Browser compatibility
| Path | Requirements |
|---|---|
| AudioWorklet (preferred) | Chrome 66+, Firefox 76+, Safari 14.1+ |
| ScriptProcessorNode (fallback) | All modern browsers (deprecated; logs a warning) |
getUserMedia | Secure context (HTTPS or localhost) |
createLiveTranscriber() automatically falls back to ScriptProcessorNode when AudioWorklet is unavailable. In strict-CSP environments (Chrome MV3 service workers, sites blocking blob: URLs), pass workletUrl: '/path/to/energy-vad.worklet.js' and serve the worklet source yourself.

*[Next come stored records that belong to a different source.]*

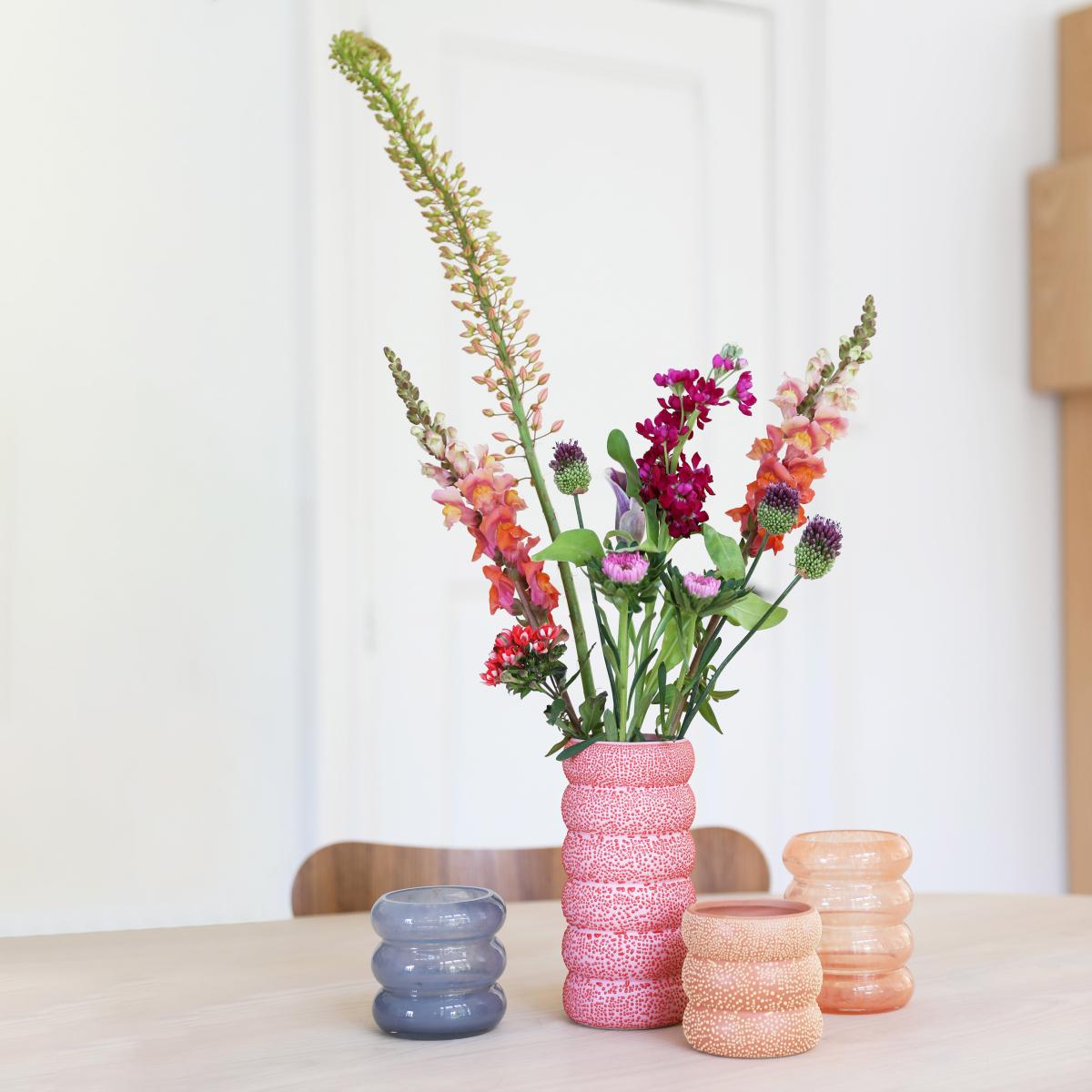 Inflated design! This "bulging" sandstone vase brings soft, rounded shapes into your interior and is sure to catch the eye. The vase is covered with multiple coloured microbubbles: an intriguing, tactile surface.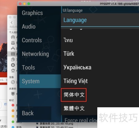 11、 选择中文语言,将游戏ROM导入并设置好按键,即可畅玩PSP游戏。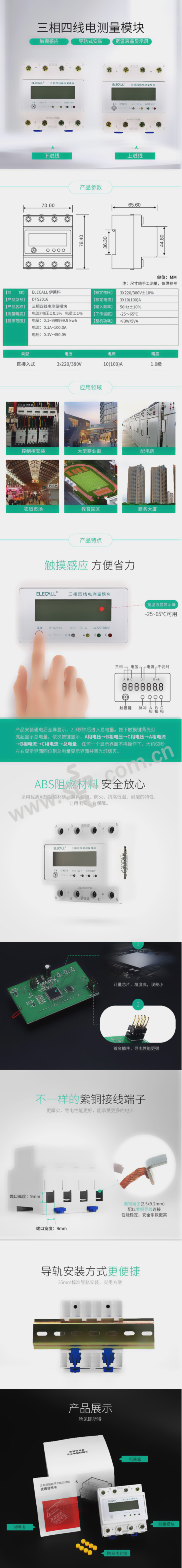 ELECALL/伊莱科 三相四线数显电度 3×10 100A 下进线 1只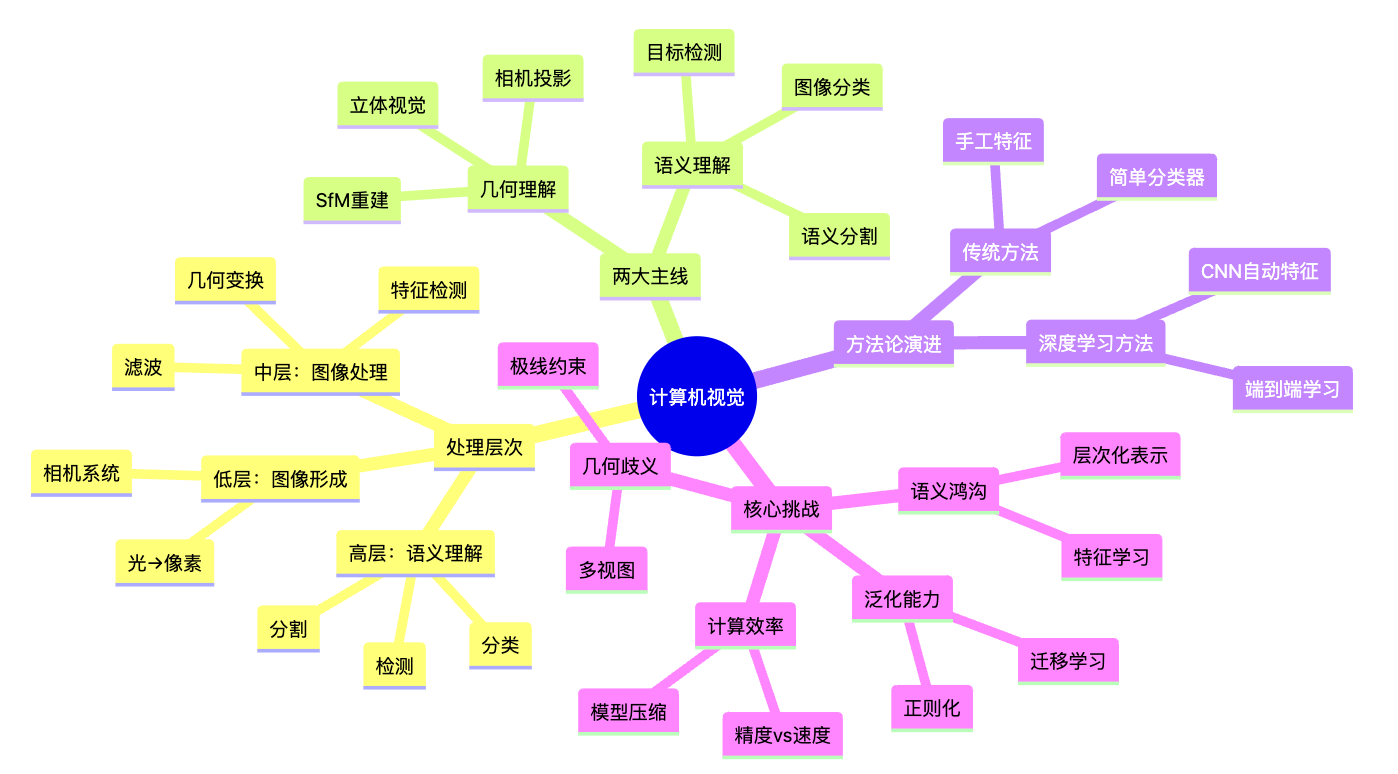 🎯 学习目标:理解计算机视觉的整体框架,掌握从低层图像处理到高层语义理解,从几何重建到语义识别的完整知识体系

The energy VAD worklet ships as an inline string (registered via URL.createObjectURL) so no separate .worklet.js asset is required from your bundler. Source is available via the exported ENERGY_VAD_WORKLET_SOURCE constant if you need to inspect or self-host it.
Capability detection
import { isLiveTranscribeSupported, isAudioWorkletSupported, isMediaCaptureSupported } from '@localmode/core';
if (!isLiveTranscribeSupported()) {
// Show a fallback UI.
}createCapabilityReport() includes a liveTranscribe section with { getUserMedia, audioWorklet, scriptProcessor, crossOriginIsolated }.